A week later, now that the Mountaineers have just four to play and still need three wins? Well, the tune is changing just a bit.
"Yeah, because that number is sneaking up on us it'll probably be used as motivation,'' Holgorsen said. "I feel like we have a lot to play for, and I think the players feel like they have a lot to play for.''
The reality is that the only way the Mountaineers (3-5, 1-4 Big 12) will stretch the program's bowl streak to 12 years is by winning three of the final four games and getting to at least 6-6. Teams with a losing record are ineligible for bowl games.
While coaches like to talk about one-game seasons, West Virginia's can actually be looked at as a couple of two-game seasons.
The final two games are at Kansas and home against Iowa State. While no 3-5 team can be considered a prohibitive favorite over anyone, if WVU can't handle 2-5 Kansas and 1-6 Iowa State in those games, well, a bowl game shouldn't even be a pipe dream.

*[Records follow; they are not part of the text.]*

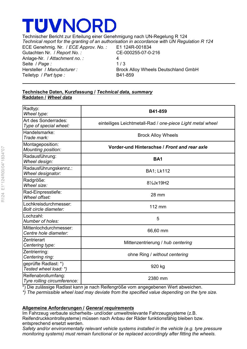 • Stimmt die KBA-Nummer auf der Felge mit diesem Dokument überein?
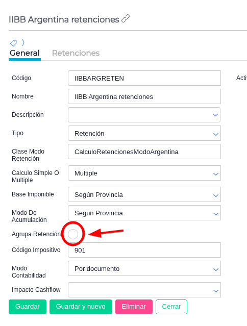 - Definir la agrupación mediante el check “Agrupa retención”: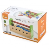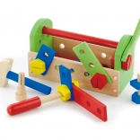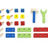 A fun and safe wooden tool set for little DIYers aged 3+ in a practical carrier. Includes a screwdriver, hammer, wrench and colorful screws, nuts, and plates for screwing. Supports fine motor skills, coordination, and imagination thanks to quality wooden construction.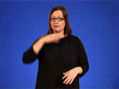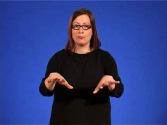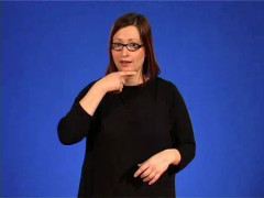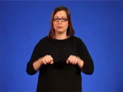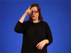 Sprethänder, framåtriktade och nedåtvända, förs inåt samtidigt som de förändras till knutna händer // Flata handen, vänsterriktad och inåtvänd, kontakt med övre delen av bröstet // Pekfingret, vänsterriktat och nedåtvänt, kontakt först med hakan sedan med pannan och slutligen med hakan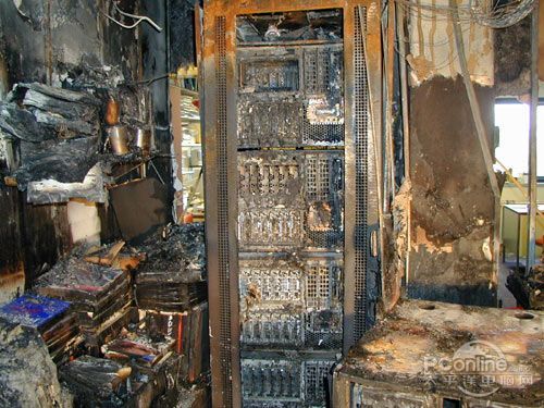 上图为一火灾后的机房照片,因为政策和保密措施等,机房着火后是不允许拍照的。这张照片也真是来之不易啊。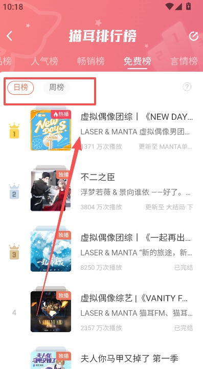 你可以通过日榜或者周榜的形式,找到并打开你想收听的广播剧内容。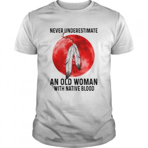 Never Underestimate An Old Woman With A Native Blood shirt, hoodie, sweater, longsleeve and ladies t-shirt

So if the Mountaineers can win those last two, the immediate and crucial issue is not the big picture of winning three of four, but the more-compressed objective of winning one of the next two. First up is identically positioned TCU (3-5, 1-4) today at Amon G. Carter Stadium. Next week brings a visit from reenergized Texas in the first night game of the season at Mountaineer Field.
Does this team have even a chance? Well, Holgorsen isn't thrilled with the improvement the Mountaineers have shown through the first eight games, but there's been enough there to warrant optimism.
"We haven't finished well the past two weeks, but they've been competitive,'' Holgorsen said of lost second-half leads and games to Texas Tech and then Kansas State. "The game last week was a lot more competitive than what the final score indicated. It's not a moral victory to say we were in the game in the fourth quarter the past two weeks, but that's not my point. We're battling. It's just not a winning effort.''
TCU is a two-touchdown favorite today against the Mountaineers at home. That wouldn't be odd except that the Horned Frogs are barely averaging two touchdowns a game.
In five Big 12 games, TCU is averaging just 14.2 points. The Horned Frogs have scored two touchdowns in the last two games combined, losses of 24-10 to Oklahoma State and 30-7 to Texas.
"The bottom line is that you have to score more points,'' TCU coach Gary Patterson said.
What has kept TCU in games, of course, is its defense. Even without 2012 Big 12 defensive player of the year Devonte Fields - out for the season with an injured foot - the Horned Frogs are third in the Big 12 in total defense and first in sacks and interceptions.
Against West Virginia, TCU faces an offense that seems to run and throw the ball fairly equally, so that's a concern for Patterson.